The best AI product interfaces will probably feel simple to users because the routing is good.

The user says what they want. The product chooses the right shape. The UI feels obvious after it appears.

That is the standard.

Where Fable UI Fits

Fable UI is one implementation direction for the trusted structured UI part of the spectrum.

The idea is to make AI-selectable product surfaces installable:

notes.txt
React component
tool schema
AI SDK tool definition
model-facing manifest
examples
eval prompts
docs

The model does not generate arbitrary UI code. It chooses from trusted surfaces the developer installed.

The host app still owns data access, authorization, validation, side effects, and business logic.

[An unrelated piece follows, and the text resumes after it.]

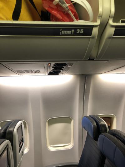 こちらの通路側が自分のシート窓際でも良かったですが、夜便だし夜景だけな...
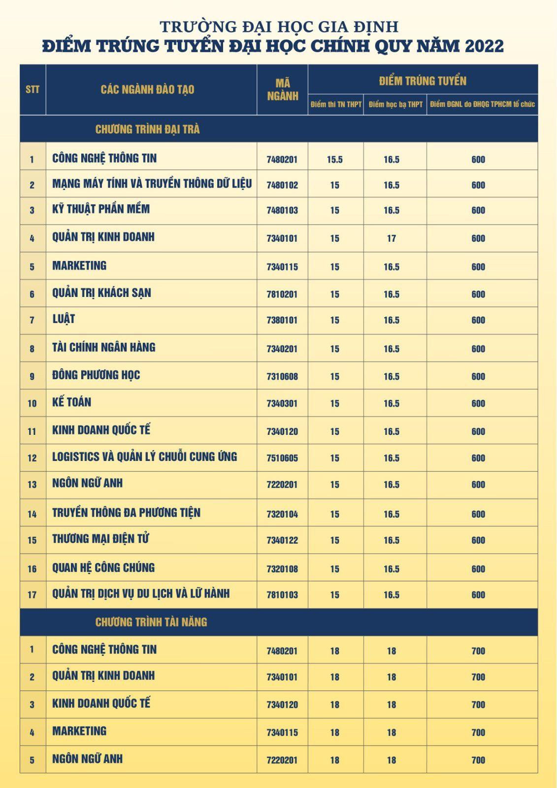 Hội đồng tuyển sinh Trường ĐH Gia Định (GDU) công bố điểm chuẩn trúng tuyển Đại học chính quy năm 2022 đối với 17 ngành chương trình đại trà và 05 ngành chương trình tài năng.

That is not the whole future of UI. It is one practical wedge into the middle layer.

Closing

The future is not menus versus chat.

That framing is too small.

Static GUI still matters because repeated work needs stability. Chat matters because intent is often messy before it becomes a workflow. Structured trusted UI matters because product work needs affordances. Runtime generation matters when exploration is the point.

The future interface is a spectrum because human intent is a spectrum.

AI does not kill UI.

It makes the shape of UI more important.

The durable question is not:

Should this be chat?

It is:

What is the right interface for this intent?